Given the entries that follow, write out exactly the lines starting at the one containing "Circana ha appena" and ending at the one containing "伝説のあだ名 | 『封印されし竜騎士みらりま』 |", both ends included, and only those.

• PROVIDED RECORDS
##########

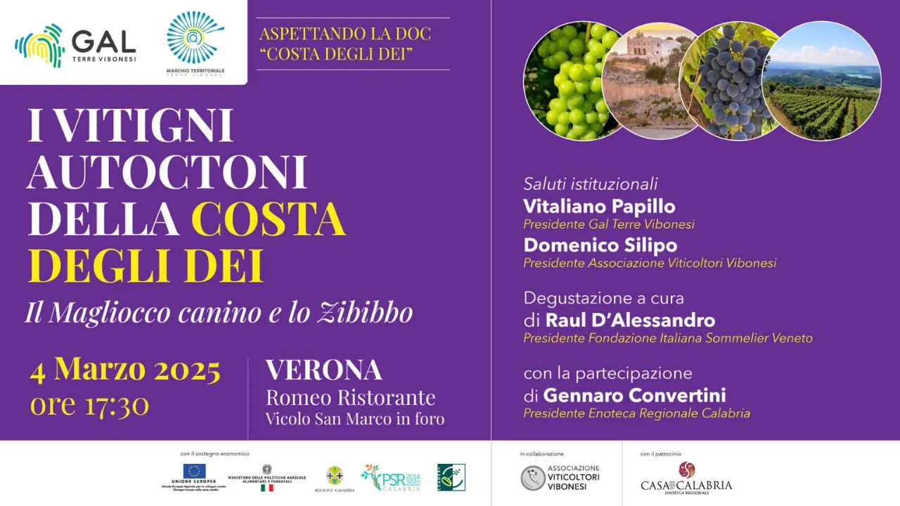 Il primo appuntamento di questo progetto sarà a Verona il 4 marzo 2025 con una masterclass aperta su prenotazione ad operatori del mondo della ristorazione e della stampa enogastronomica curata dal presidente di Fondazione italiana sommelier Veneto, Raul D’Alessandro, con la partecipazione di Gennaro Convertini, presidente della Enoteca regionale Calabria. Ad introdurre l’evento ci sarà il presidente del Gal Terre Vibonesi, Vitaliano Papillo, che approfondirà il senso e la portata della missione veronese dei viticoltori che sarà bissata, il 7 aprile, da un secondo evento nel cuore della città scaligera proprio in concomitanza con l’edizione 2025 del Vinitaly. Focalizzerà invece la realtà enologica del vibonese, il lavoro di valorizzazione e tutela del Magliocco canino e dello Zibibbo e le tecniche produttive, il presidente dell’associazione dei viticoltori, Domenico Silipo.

##########

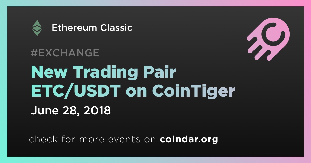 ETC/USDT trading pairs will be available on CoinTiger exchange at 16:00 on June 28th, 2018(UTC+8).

##########

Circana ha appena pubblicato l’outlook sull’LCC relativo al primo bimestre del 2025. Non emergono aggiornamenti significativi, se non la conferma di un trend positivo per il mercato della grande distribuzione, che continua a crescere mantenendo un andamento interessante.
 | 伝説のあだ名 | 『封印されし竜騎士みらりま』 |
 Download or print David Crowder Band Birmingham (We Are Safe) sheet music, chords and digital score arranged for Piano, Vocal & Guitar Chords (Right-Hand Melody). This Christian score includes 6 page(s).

##########

• ANSWER TO THIS TASK
Circana ha appena pubblicato l’outlook sull’LCC relativo al primo bimestre del 2025. Non emergono aggiornamenti significativi, se non la conferma di un trend positivo per il mercato della grande distribuzione, che continua a crescere mantenendo un andamento interessante.
 | 伝説のあだ名 | 『封印されし竜騎士みらりま』 |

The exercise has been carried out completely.